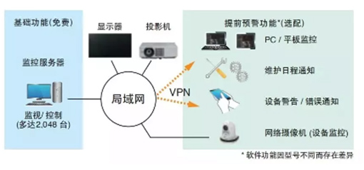 松下激光光源投影機PT-BMZ\BMW系列適用于松下投影機配置的多臺投影機監控免費軟件,老師們可通過局域網使用一臺電腦同時監控最多2048臺投影機,實時了解投影機狀態,控制調整投影機執行情況,減少了老師們在放學后、暑假期間對于投影機設備監控維護的人力與時間成本,實現遠程高效管理。
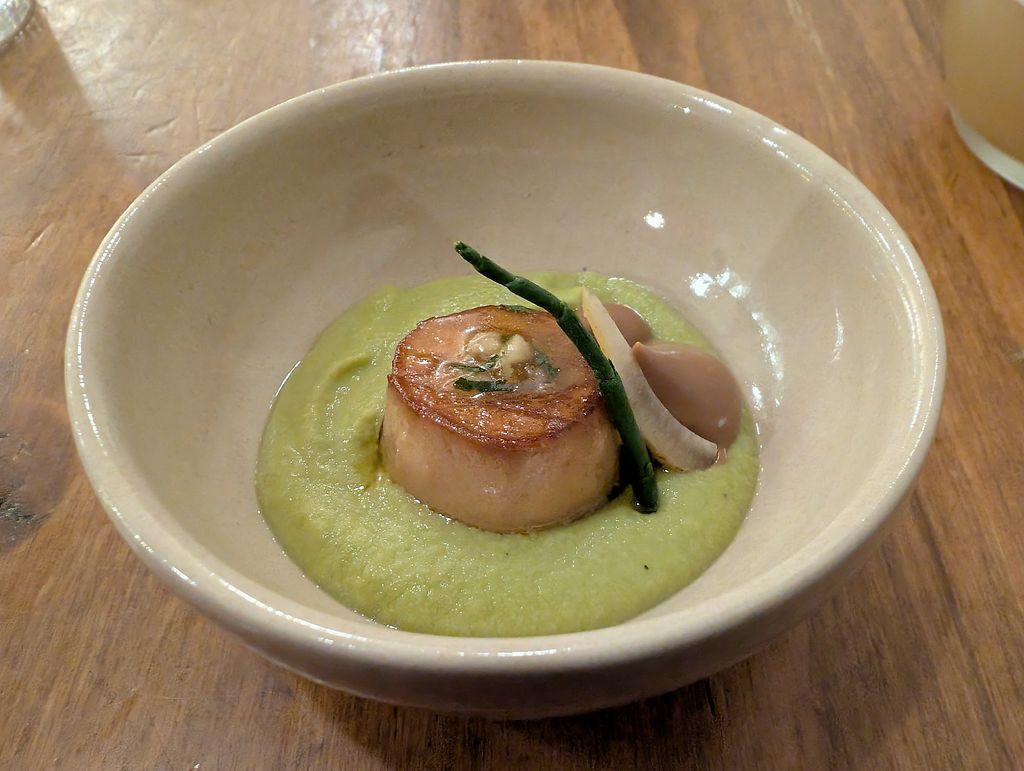 Mushroom scallop on pea cream
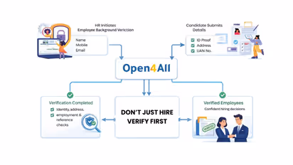 Open4All operates as a fully digital, consent-based background verification platform designed specifically for the Indian hiring ecosystem. HR professionals, founders, and company owners can register their organizations on the platform at www.open4all.in and begin verifying employees within minutes without dealing with agents or paperwork. The process is designed to be simple and efficient. First, the company registers on the platform. Next, the employer adds the employee’s name, email address, and mobile number. The employee then provides digital consent for the verification. Once consent is granted, Open4All checks relevant government databases instantly. Within minutes, the company receives a clear and transparent verification report.
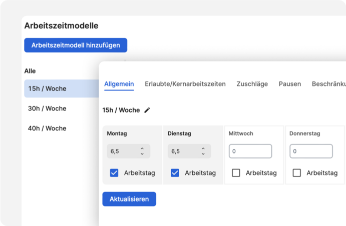 Erstellen Sie beliebig viele Arbeitszeitmodelle mittels Vorlage oder individuell und entsprechen Sie sicher den gesetzlichen Vorgaben Ihrer Region.

§ §

# [WORK REQUIRED]
With pictures left out, print the lines of the material above from the line containing "Mushroom scallop on pea cream" through its last line, exactly and nothing more.

# [RESPONSE AREA]
 Mushroom scallop on pea cream
 Open4All operates as a fully digital, consent-based background verification platform designed specifically for the Indian hiring ecosystem. HR professionals, founders, and company owners can register their organizations on the platform at www.open4all.in and begin verifying employees within minutes without dealing with agents or paperwork. The process is designed to be simple and efficient. First, the company registers on the platform. Next, the employer adds the employee’s name, email address, and mobile number. The employee then provides digital consent for the verification. Once consent is granted, Open4All checks relevant government databases instantly. Within minutes, the company receives a clear and transparent verification report.
 Erstellen Sie beliebig viele Arbeitszeitmodelle mittels Vorlage oder individuell und entsprechen Sie sicher den gesetzlichen Vorgaben Ihrer Region.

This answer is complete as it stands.